**Data records**
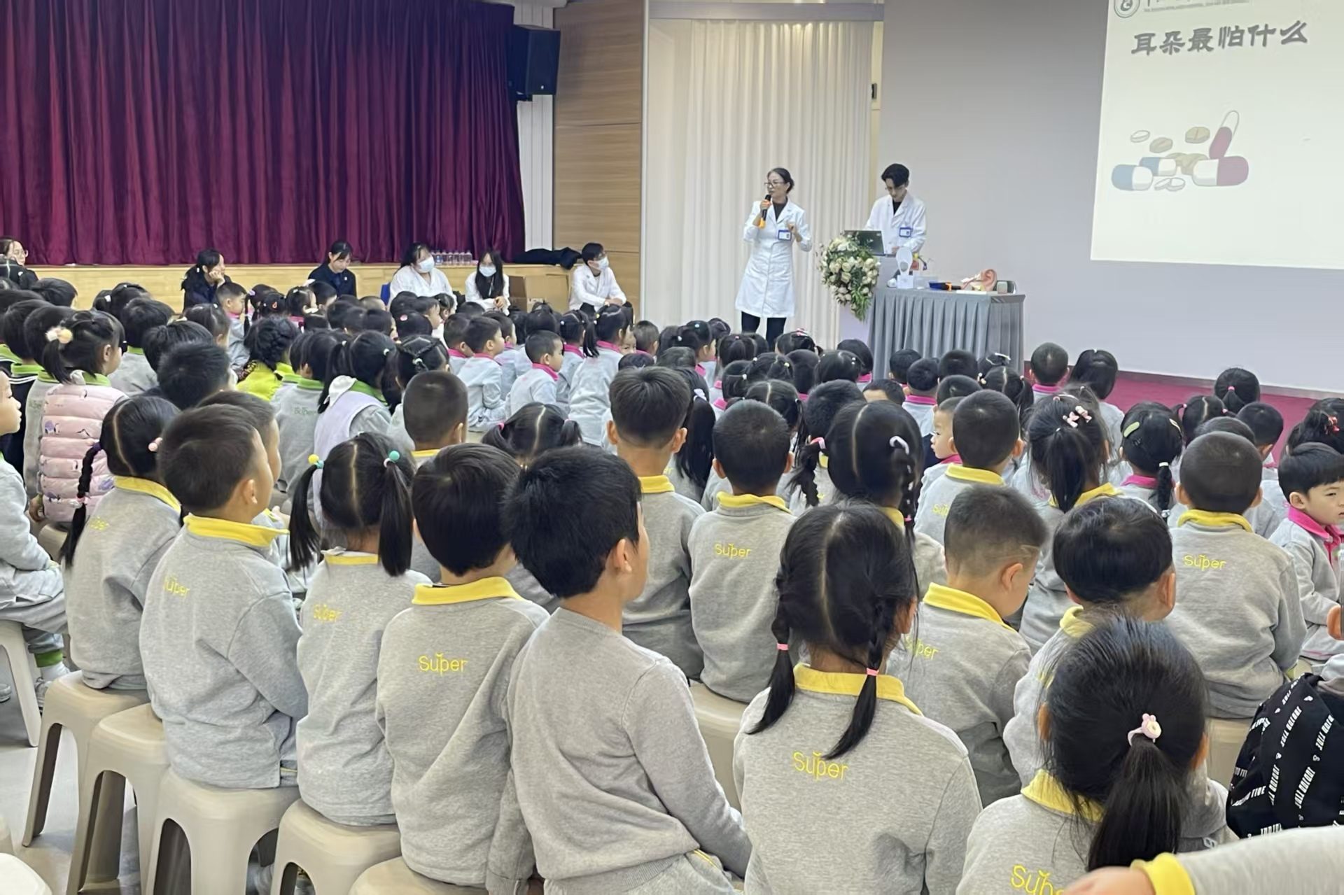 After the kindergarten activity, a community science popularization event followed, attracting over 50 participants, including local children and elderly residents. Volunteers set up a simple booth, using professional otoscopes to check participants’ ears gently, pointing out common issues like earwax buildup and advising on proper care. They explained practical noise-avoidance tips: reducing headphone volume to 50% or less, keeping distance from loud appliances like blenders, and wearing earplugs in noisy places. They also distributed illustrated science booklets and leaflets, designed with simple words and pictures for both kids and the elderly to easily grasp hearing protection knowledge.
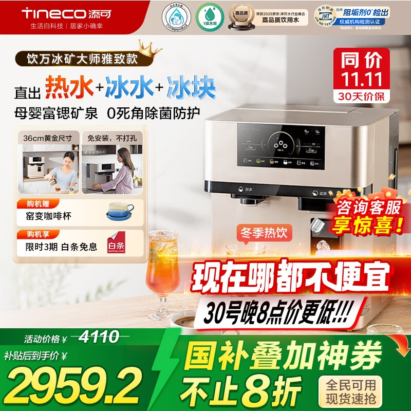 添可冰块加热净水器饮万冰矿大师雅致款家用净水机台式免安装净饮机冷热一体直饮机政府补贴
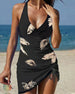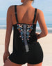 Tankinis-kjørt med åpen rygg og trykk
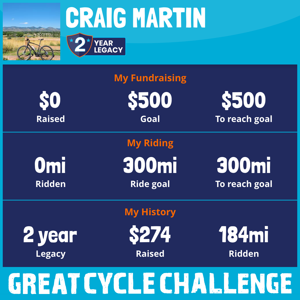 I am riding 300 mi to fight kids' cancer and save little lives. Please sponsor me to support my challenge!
==
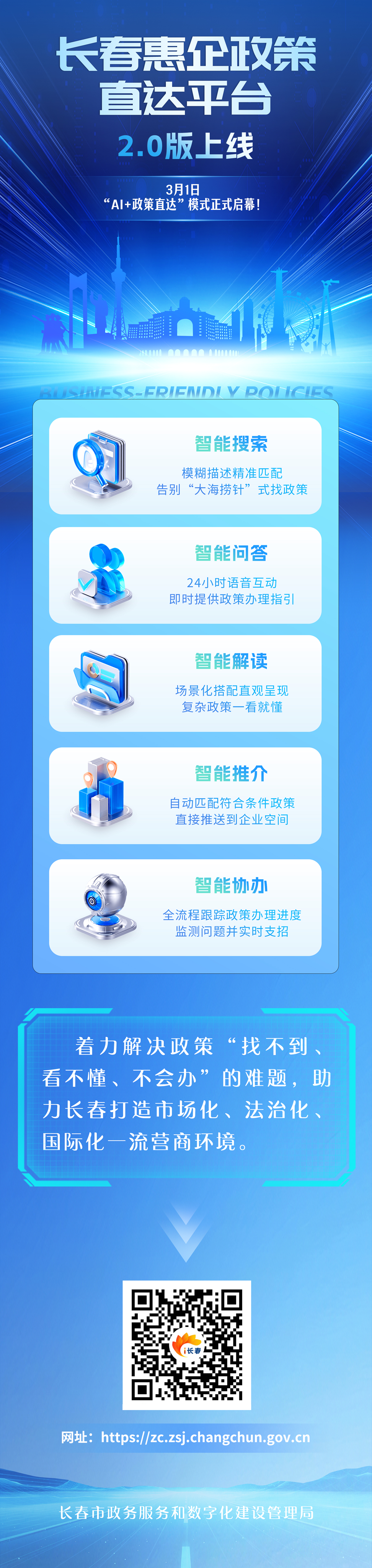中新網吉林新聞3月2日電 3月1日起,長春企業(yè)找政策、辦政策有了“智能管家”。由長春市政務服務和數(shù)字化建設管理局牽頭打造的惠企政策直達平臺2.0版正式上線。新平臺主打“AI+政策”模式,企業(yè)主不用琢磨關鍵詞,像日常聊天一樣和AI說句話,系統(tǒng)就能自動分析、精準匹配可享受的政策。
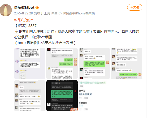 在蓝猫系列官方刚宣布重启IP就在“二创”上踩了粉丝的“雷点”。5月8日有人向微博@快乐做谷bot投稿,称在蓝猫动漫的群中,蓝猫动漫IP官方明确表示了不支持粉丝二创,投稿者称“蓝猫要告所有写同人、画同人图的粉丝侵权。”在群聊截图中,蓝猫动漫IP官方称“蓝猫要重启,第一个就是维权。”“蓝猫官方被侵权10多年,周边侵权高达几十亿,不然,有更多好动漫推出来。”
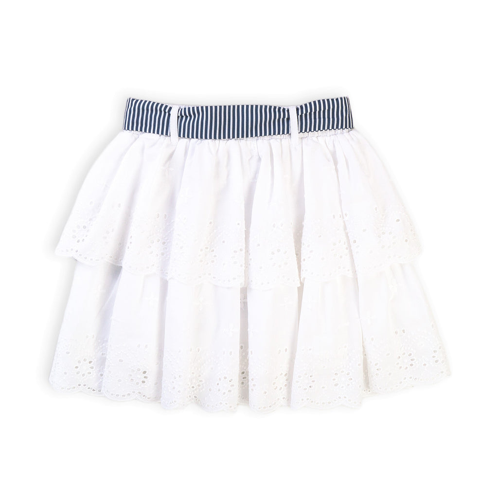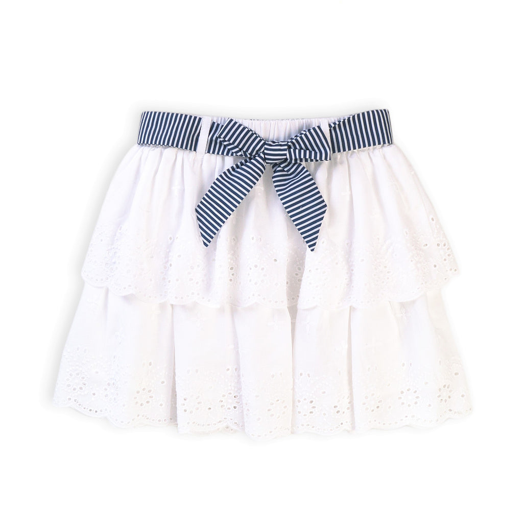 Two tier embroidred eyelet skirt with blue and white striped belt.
...
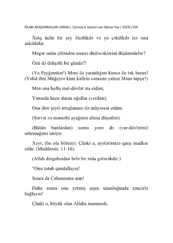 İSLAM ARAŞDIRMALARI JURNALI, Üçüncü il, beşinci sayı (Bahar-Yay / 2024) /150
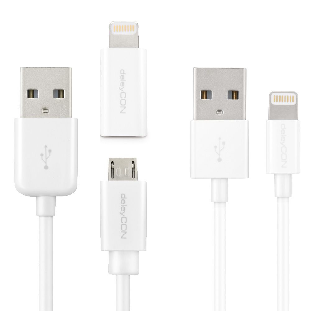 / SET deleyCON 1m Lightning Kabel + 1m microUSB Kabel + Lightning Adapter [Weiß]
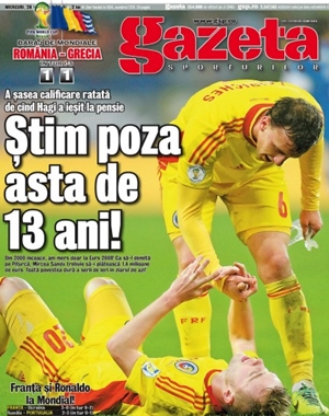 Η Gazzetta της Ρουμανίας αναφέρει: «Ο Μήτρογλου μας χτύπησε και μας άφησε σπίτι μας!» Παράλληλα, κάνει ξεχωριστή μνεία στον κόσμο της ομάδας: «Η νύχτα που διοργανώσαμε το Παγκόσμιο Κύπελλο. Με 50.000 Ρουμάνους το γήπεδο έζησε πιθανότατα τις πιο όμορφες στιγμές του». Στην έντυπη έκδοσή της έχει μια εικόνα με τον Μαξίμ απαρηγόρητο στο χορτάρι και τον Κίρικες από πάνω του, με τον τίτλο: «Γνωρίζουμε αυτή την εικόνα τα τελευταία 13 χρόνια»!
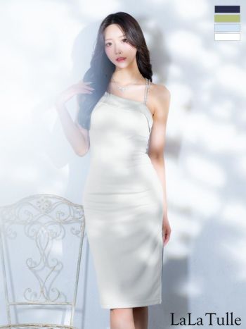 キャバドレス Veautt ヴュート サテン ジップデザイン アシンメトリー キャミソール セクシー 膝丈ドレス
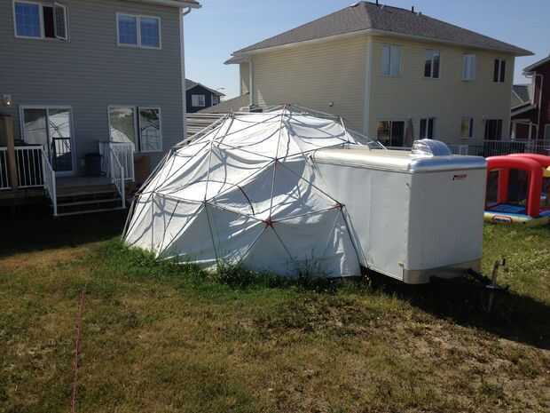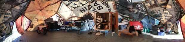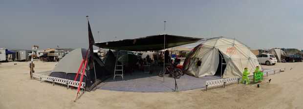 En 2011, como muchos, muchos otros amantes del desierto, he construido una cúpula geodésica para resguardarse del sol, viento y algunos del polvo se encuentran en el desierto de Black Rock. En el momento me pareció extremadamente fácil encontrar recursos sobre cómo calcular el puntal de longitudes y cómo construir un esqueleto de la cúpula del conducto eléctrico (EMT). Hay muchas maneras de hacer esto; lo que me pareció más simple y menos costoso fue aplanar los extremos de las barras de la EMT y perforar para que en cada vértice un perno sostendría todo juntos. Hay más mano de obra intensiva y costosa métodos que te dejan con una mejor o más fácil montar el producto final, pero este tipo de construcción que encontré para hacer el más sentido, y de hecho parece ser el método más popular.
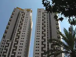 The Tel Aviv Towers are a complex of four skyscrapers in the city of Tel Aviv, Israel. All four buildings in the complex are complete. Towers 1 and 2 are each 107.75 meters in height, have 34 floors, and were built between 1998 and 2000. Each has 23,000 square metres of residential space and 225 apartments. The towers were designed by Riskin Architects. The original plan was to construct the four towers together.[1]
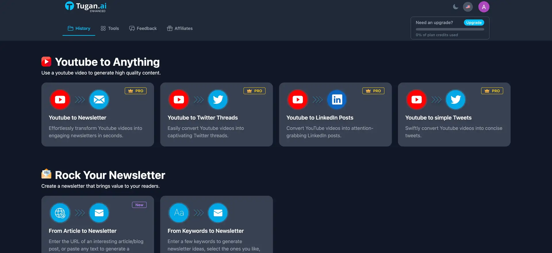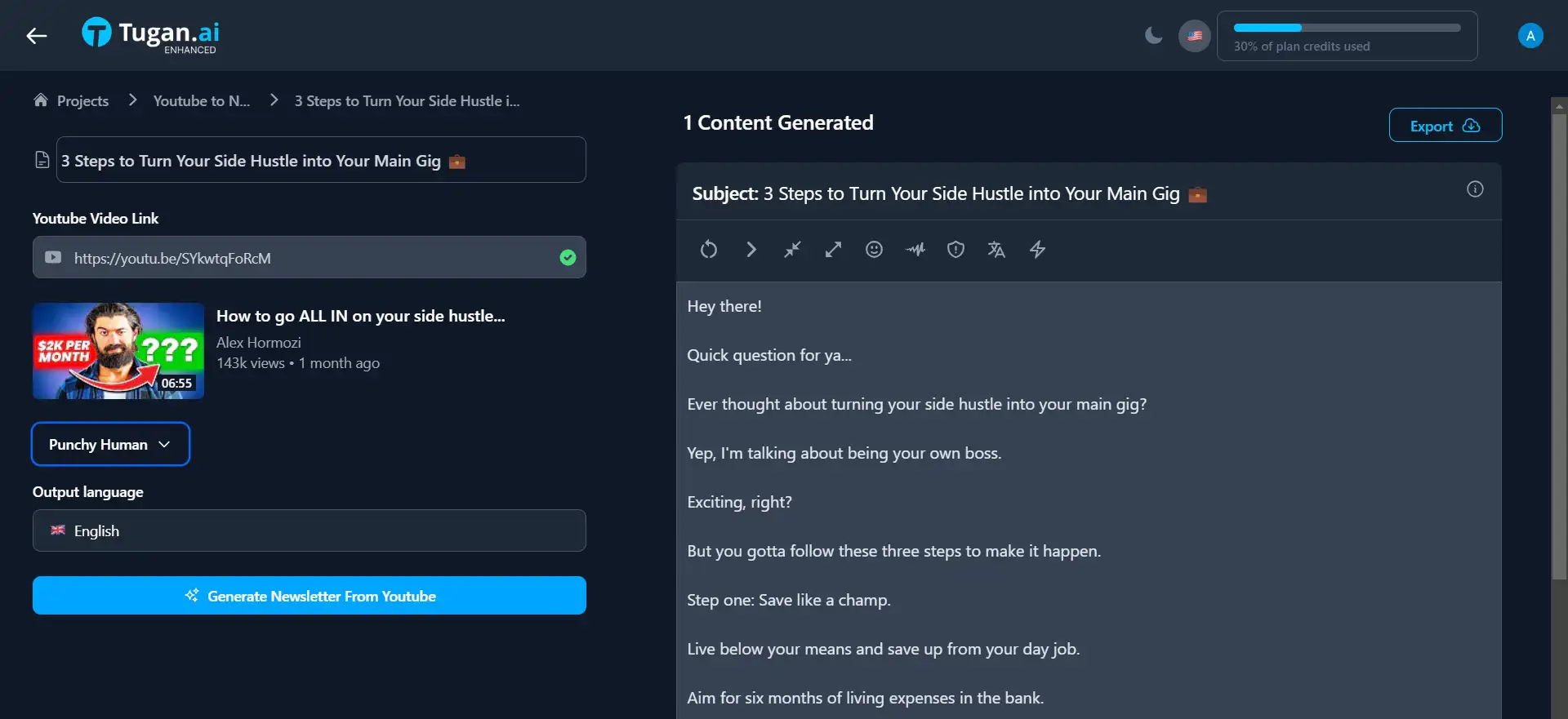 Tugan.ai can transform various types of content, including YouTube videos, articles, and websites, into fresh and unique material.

**Problem details**
After locating "Tankinis-kjørt med åpen rygg og trykk" and "I am riding" in the records above, return exactly the line holding each one and every line between them; leave out the pictures.

**Expected output**
 Tankinis-kjørt med åpen rygg og trykk
 I am riding 300 mi to fight kids' cancer and save little lives. Please sponsor me to support my challenge!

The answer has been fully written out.